As for users blocking SSH, that’s a wise policy in general to stop hackers, but the fact is many legitimate support services, including Apple’s, use SSH to assist users in troubleshooting their computers and in doing maintenance and repairs.
The trick is to never respond to anyone calling you asking for access. That’s a common scam and I’ve known people to fall for it. Someone with an Indian accent rings you up claiming they are calling from Windows, saying there are problems they need to help you resolve. If you allow them in, your computer belongs to them—and all the personal data on it. You’re screwed.
If you contact a service provider, which may also be in India, be sure you know they are legitimate before you let them onto your system. Frankly this is a more common issue for Windows users, whose computers may be hinky right out of the box due to all the crapware resellers dump on them.

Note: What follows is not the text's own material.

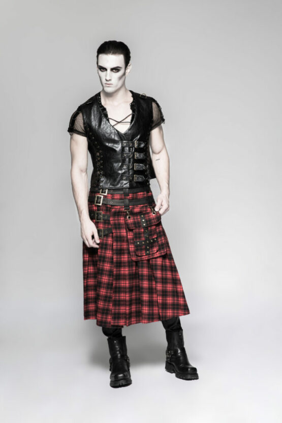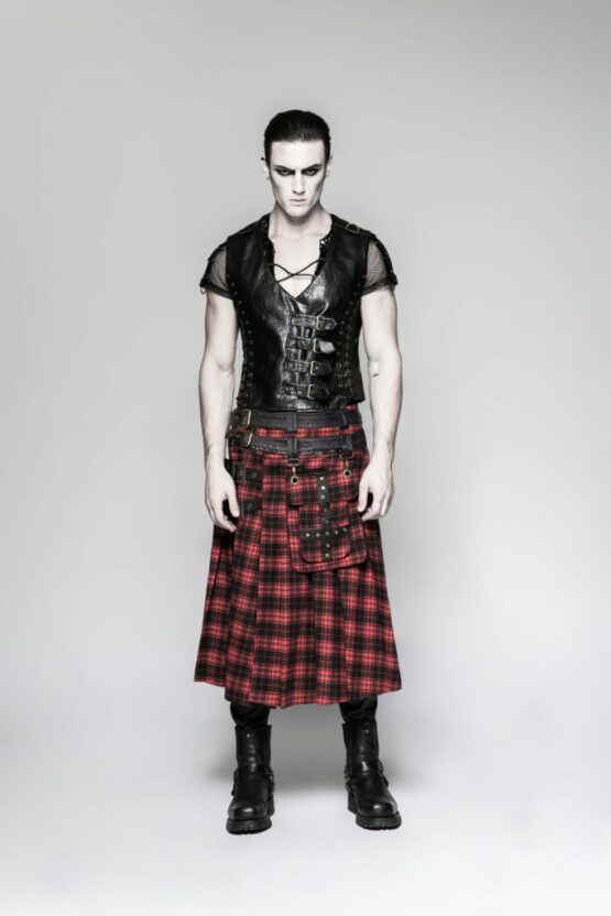 Q325 – Single Piece Heavy Metal PU Pleather Skirt Kilt with bag

I’ve had personal experience with Apple Care warrantee support. Tech support, if you contact them by phone, will direct you to a URL from which you can download an app that will allow them to basically run a screen sharing session with you. They don’t actually do anything to your computer, but rather instruct you what to do using a little red pointer. The app expires when you close out the session. It had no trouble, by the way, with my router firewall, which uses moderate security settings. So it’s a smart little critter. Other services may be more intrusive. Even Back-to-My-Mac is more powerful, or can be. But it uses your iCloud account for access so is, hopefully, more secure than SSH in general.
Of course, if you use a VPN, that too should be password secured.